**WHAT NEEDS TO BE DONE**.
Could you transcribe the records below exactly, leaving out every picture?

Segment Start: EXTRACTED INFORMATION

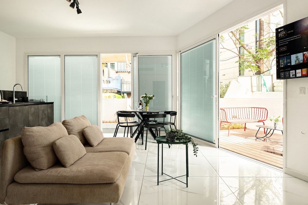 C'è una dimensione nell'edificio accanto. Design unico. L'esperienza definitiva a Tel Aviv è a pochi clic di distanza. Immagina di essere nel cuore di Tel Aviv, vicino ai luoghi più trendy della città. Prenota questo alloggio e non dovrai più immaginare (: Questo è il posto in cui vuoi soggiornare, poiché abbiamo una cucina attrezzata, Wi-Fi ad alta velocità, un soggiorno, un patio privato e una doccia rilassante. A soli 3 minuti a piedi dalla spiaggia e da molti altri fantastici luoghi di Tel Aviv.
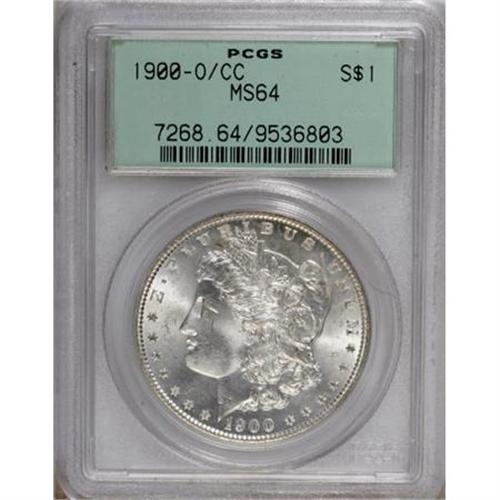 <B>1900-O/CC $1 MS64 PCGS.</B></I> VAM-11. A Top 100 Variety. The beginnings of a die crack appear below Liberty's hair at the lower right. A solidly struck, essentially untoned, and flashy representative of this turn-of-the-century overmintmarked issue, lightly marked and housed in a green label holder.<BR><BR><B>Coin Engraver:</B> George T. Morgan<BR><BR><b>Shipping:</b> Coins & Currency (<a target="_blank" href="http://www.heritageauctions.com/common/shipping.php">view shipping information</a>)
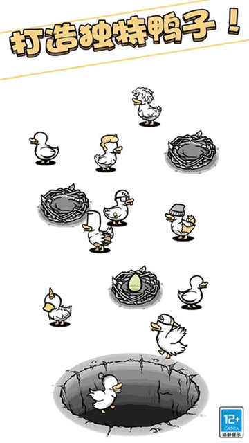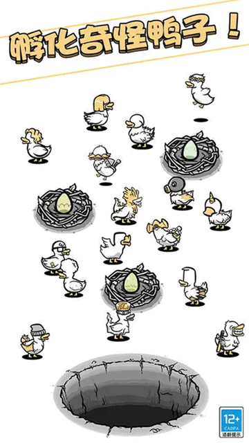 奇怪的鸭子是一款画风清新、玩法魔性的休闲放置手游,带你进入一个充满脑洞的鸭子养成世界。游戏开局你将从一枚孤零零的鸭蛋开始,通过点击孵化出第一只小鸭,随着不断孵化与变异,鸭群会呈现出千奇百怪的形态。当鸭群壮大后,你可以将它们送入神秘洞穴,触发更夸张的基因重组,解锁拥有意识般诡异行为的究极鸭子。在轻松的背景音乐与简约的黑白画风中,你将体验到从一枚蛋到鸭鸭军团的魔性养成乐趣,感受基因变异带来的无限惊喜。
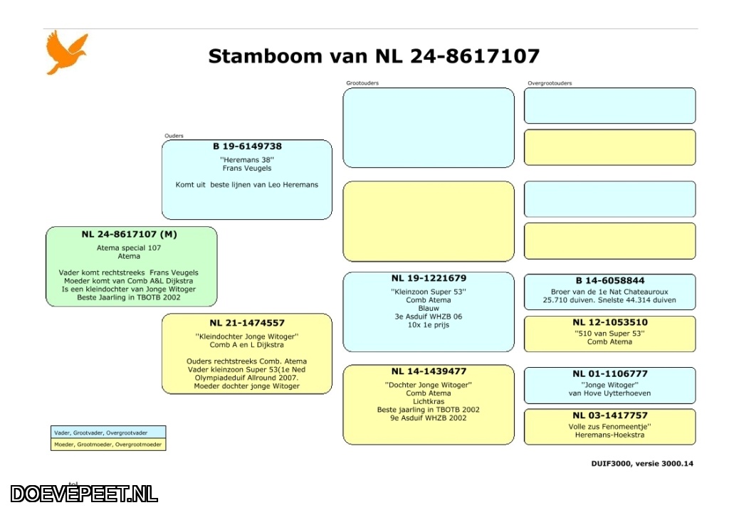 Koop 1: NL24-107 Doffer Vader: Is van het soort Leo Heremans. Helaas is de stamboom kwijt, dus verdere informatie ontbreekt. Moeder: Is een duivin bekomen bij de Comb A en L Dijkstra. Is gekweekt uit een dochter van Jonge Witoger(Beste Jaarling TBOTB 2002 en 9e Asduif WHZB 2002) maal een kleinzoon van Super 53. Beide duiven van Comb Atema.
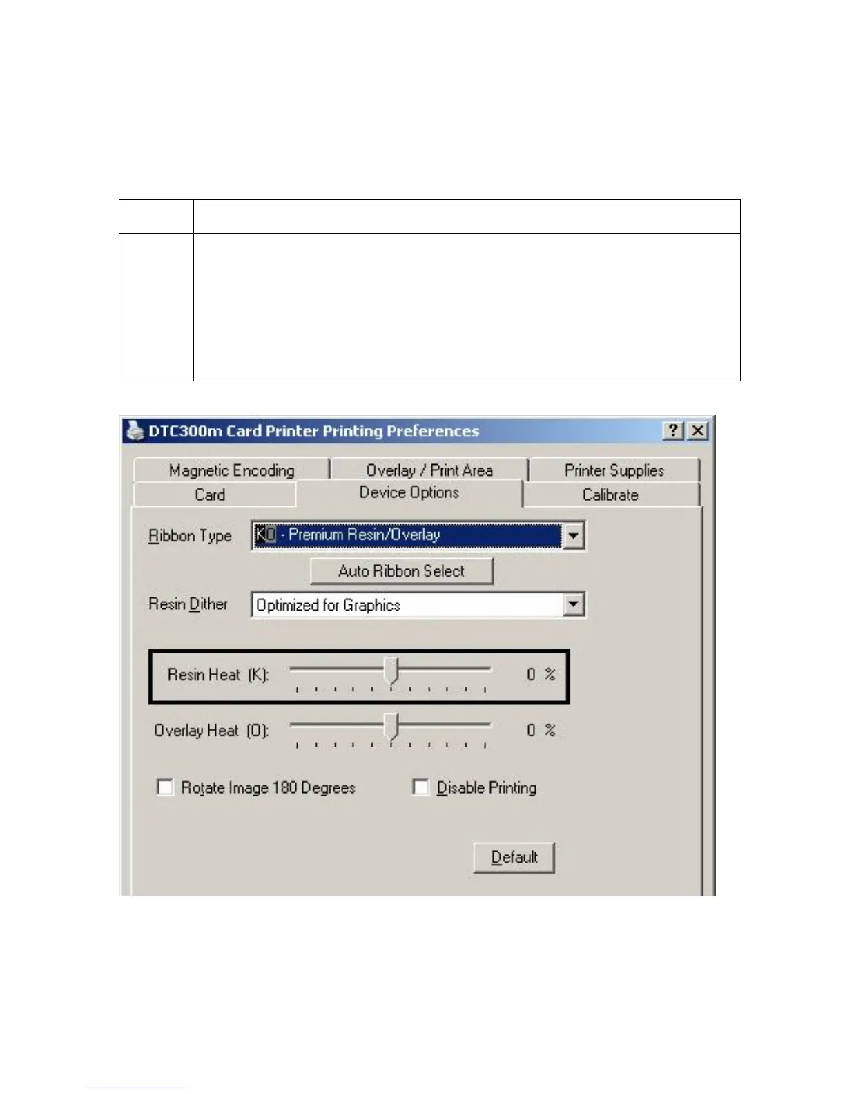 black panel(s) of a full-color Ribbon or when printing with a resin-only Ribbon by adjusting
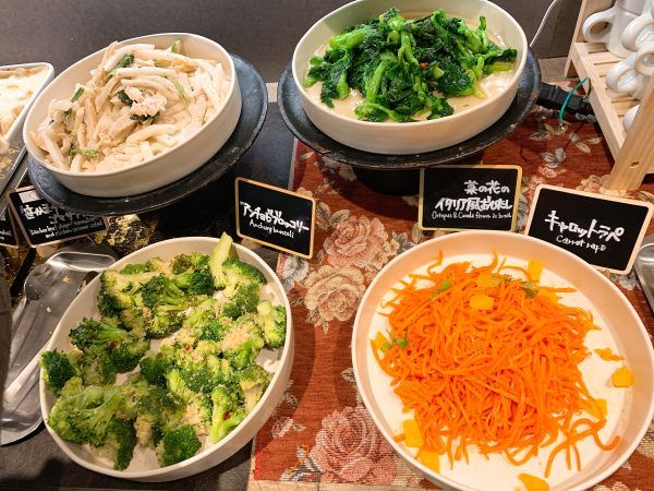 前菜コーナーには、春らしい「菜の花のイタリア風おひたし」や仙台名物・笹かまを使った「笹かまチキンゴマサラダ」のほか、「キャロットラペ」「アンチョビブロッコリー」。
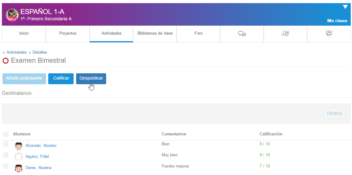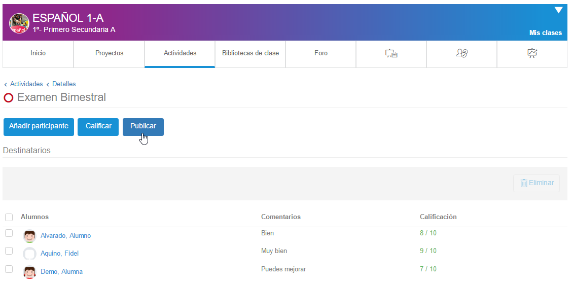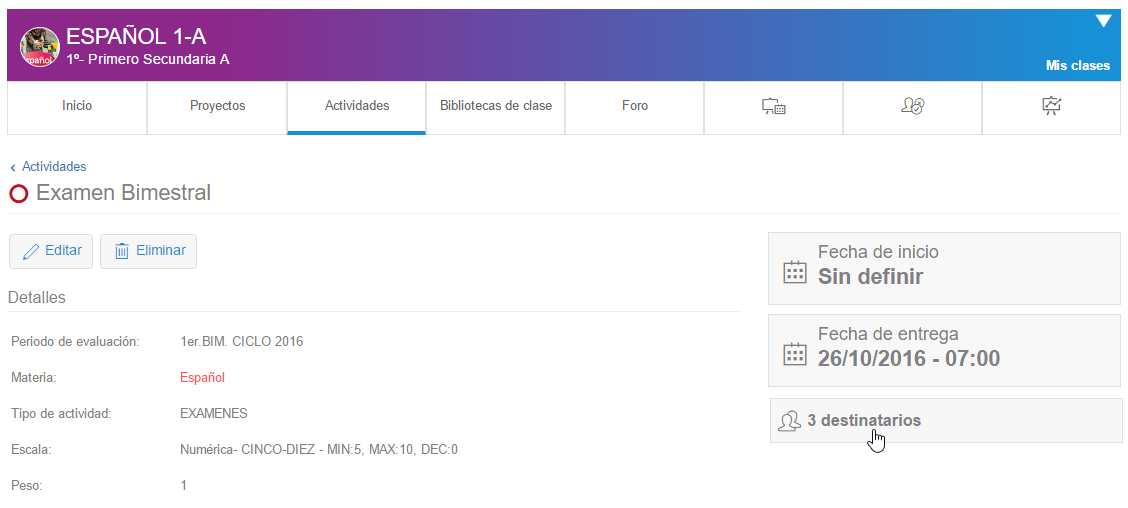 - Desde el icono de acceso directo de las actividades en la sección "Mis clases"
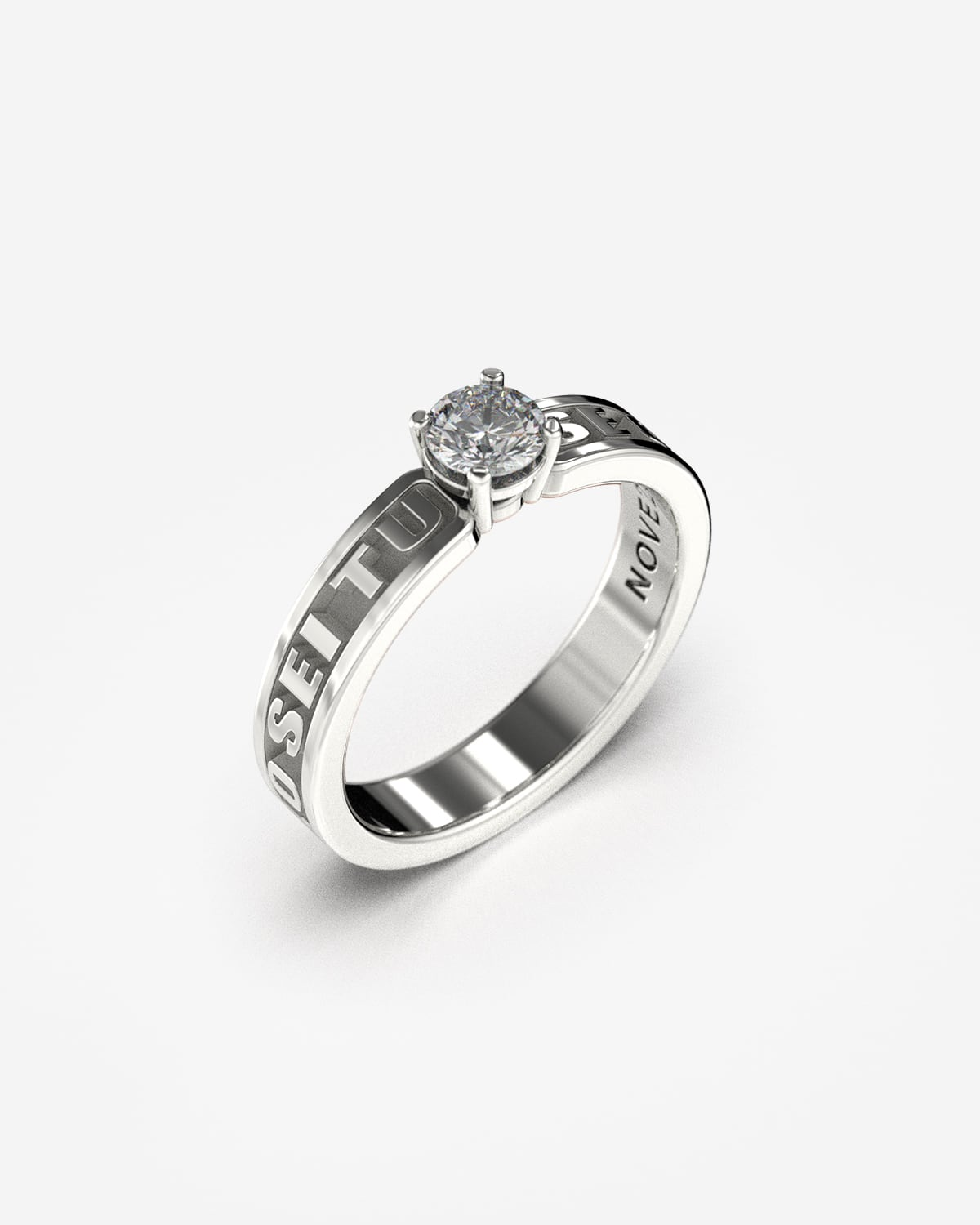 The Silver Text Solitaire Engagement Ring is part of the Fine Jewelry Collection and is made of Sterling Silver and Lab Grown Diamond. The products in this collection are all customizable and, like all Nove25 jewelry, this Ring is designed and crafted in Italy using the latest technology and finished by hand to ensure the highest detail and quality.
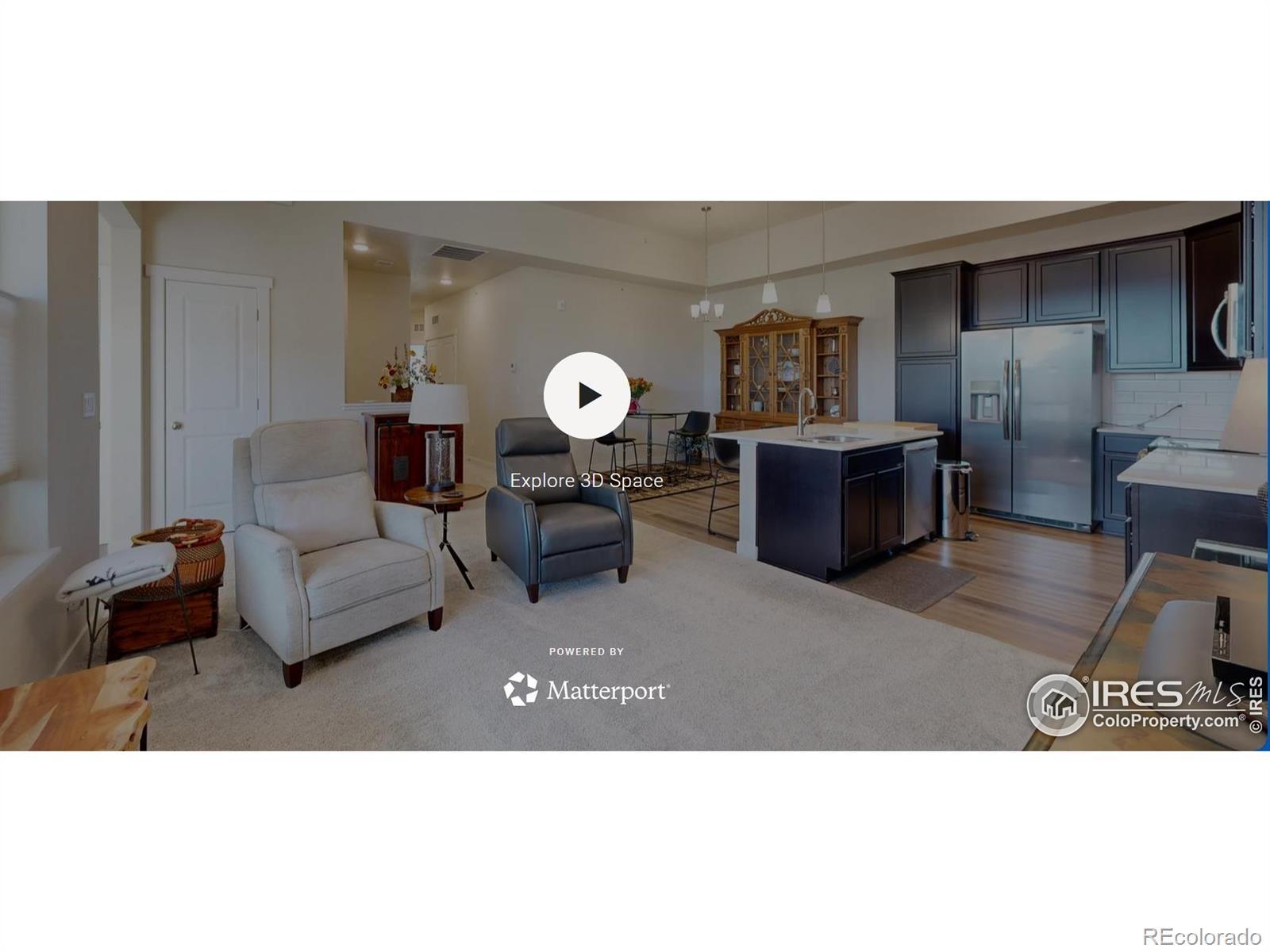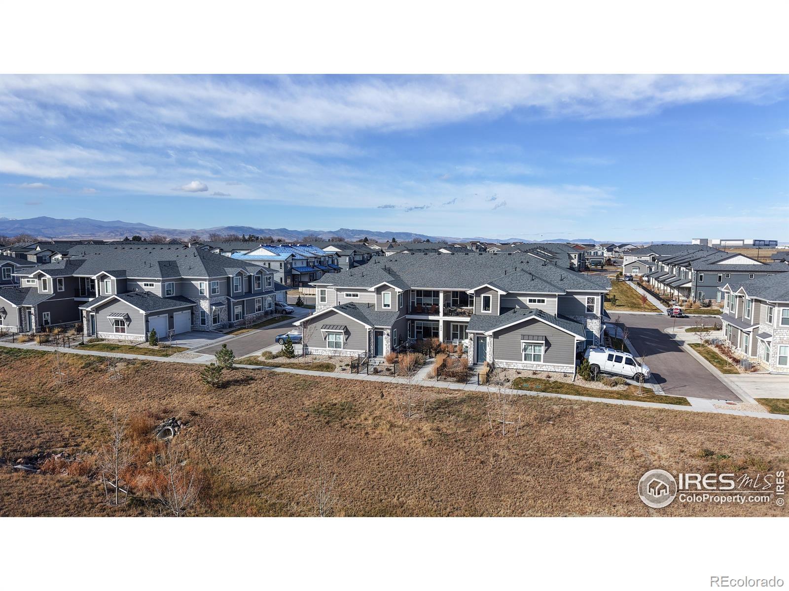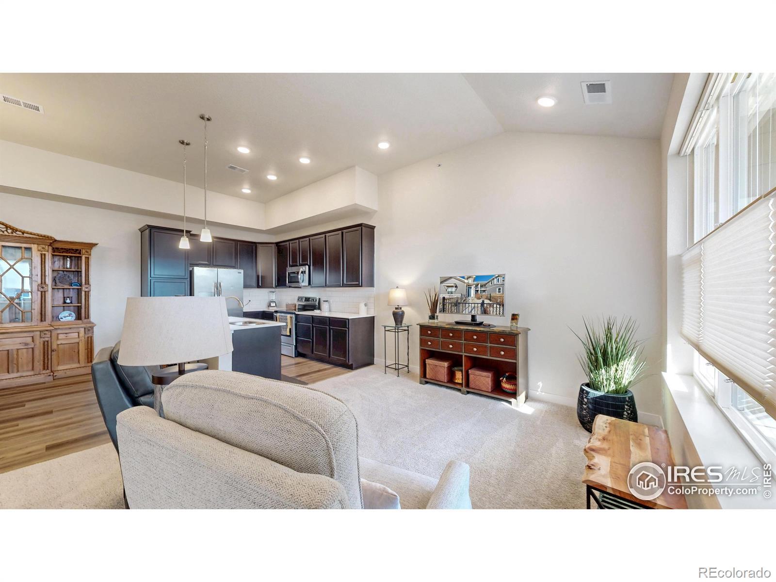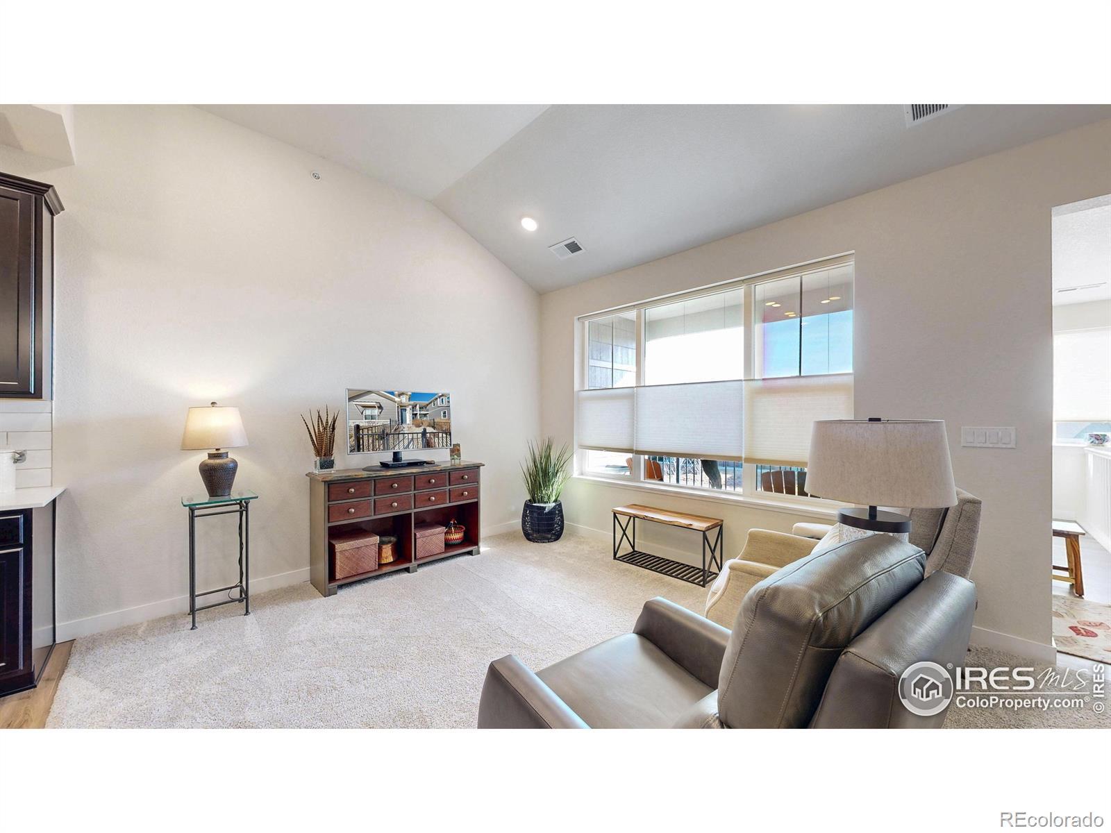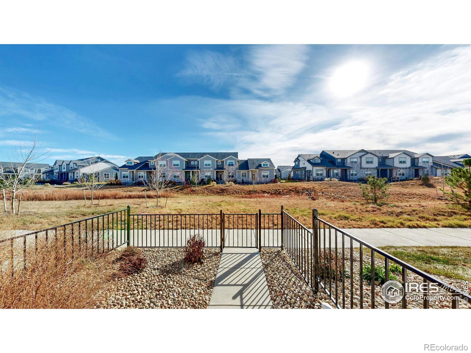 Beautiful, nearly new 3-bedroom, 2-bath condo offering effortless main-level entry with attached garage and spacious upper-level ranch-style living. High ceilings, abundant natural light, and an open-concept layout create an inviting, modern feel. The south-facing entry overlooks peaceful open space, with a private deck also capturing those serene views. Located in the heart of Northern Colorado's Centerra area, enjoy unbeatable access to the interstate, shopping, dining, and community amenities. Neighborhood perks include scenic trails, park areas, and a refreshing pool. Truly better than new with upgraded window treatments throughout-and move-in ready now.

Segment End: EXTRACTED INFORMATION

**FINAL ANSWER**.
 C'è una dimensione nell'edificio accanto. Design unico. L'esperienza definitiva a Tel Aviv è a pochi clic di distanza. Immagina di essere nel cuore di Tel Aviv, vicino ai luoghi più trendy della città. Prenota questo alloggio e non dovrai più immaginare (: Questo è il posto in cui vuoi soggiornare, poiché abbiamo una cucina attrezzata, Wi-Fi ad alta velocità, un soggiorno, un patio privato e una doccia rilassante. A soli 3 minuti a piedi dalla spiaggia e da molti altri fantastici luoghi di Tel Aviv.
 <B>1900-O/CC $1 MS64 PCGS.</B></I> VAM-11. A Top 100 Variety. The beginnings of a die crack appear below Liberty's hair at the lower right. A solidly struck, essentially untoned, and flashy representative of this turn-of-the-century overmintmarked issue, lightly marked and housed in a green label holder.<BR><BR><B>Coin Engraver:</B> George T. Morgan<BR><BR><b>Shipping:</b> Coins & Currency (<a target="_blank" href="http://www.heritageauctions.com/common/shipping.php">view shipping information</a>)
 奇怪的鸭子是一款画风清新、玩法魔性的休闲放置手游,带你进入一个充满脑洞的鸭子养成世界。游戏开局你将从一枚孤零零的鸭蛋开始,通过点击孵化出第一只小鸭,随着不断孵化与变异,鸭群会呈现出千奇百怪的形态。当鸭群壮大后,你可以将它们送入神秘洞穴,触发更夸张的基因重组,解锁拥有意识般诡异行为的究极鸭子。在轻松的背景音乐与简约的黑白画风中,你将体验到从一枚蛋到鸭鸭军团的魔性养成乐趣,感受基因变异带来的无限惊喜。
 Koop 1: NL24-107 Doffer Vader: Is van het soort Leo Heremans. Helaas is de stamboom kwijt, dus verdere informatie ontbreekt. Moeder: Is een duivin bekomen bij de Comb A en L Dijkstra. Is gekweekt uit een dochter van Jonge Witoger(Beste Jaarling TBOTB 2002 en 9e Asduif WHZB 2002) maal een kleinzoon van Super 53. Beide duiven van Comb Atema.
 black panel(s) of a full-color Ribbon or when printing with a resin-only Ribbon by adjusting
 前菜コーナーには、春らしい「菜の花のイタリア風おひたし」や仙台名物・笹かまを使った「笹かまチキンゴマサラダ」のほか、「キャロットラペ」「アンチョビブロッコリー」。
 - Desde el icono de acceso directo de las actividades en la sección "Mis clases"
 The Silver Text Solitaire Engagement Ring is part of the Fine Jewelry Collection and is made of Sterling Silver and Lab Grown Diamond. The products in this collection are all customizable and, like all Nove25 jewelry, this Ring is designed and crafted in Italy using the latest technology and finished by hand to ensure the highest detail and quality.
 Beautiful, nearly new 3-bedroom, 2-bath condo offering effortless main-level entry with attached garage and spacious upper-level ranch-style living. High ceilings, abundant natural light, and an open-concept layout create an inviting, modern feel. The south-facing entry overlooks peaceful open space, with a private deck also capturing those serene views. Located in the heart of Northern Colorado's Centerra area, enjoy unbeatable access to the interstate, shopping, dining, and community amenities. Neighborhood perks include scenic trails, park areas, and a refreshing pool. Truly better than new with upgraded window treatments throughout-and move-in ready now.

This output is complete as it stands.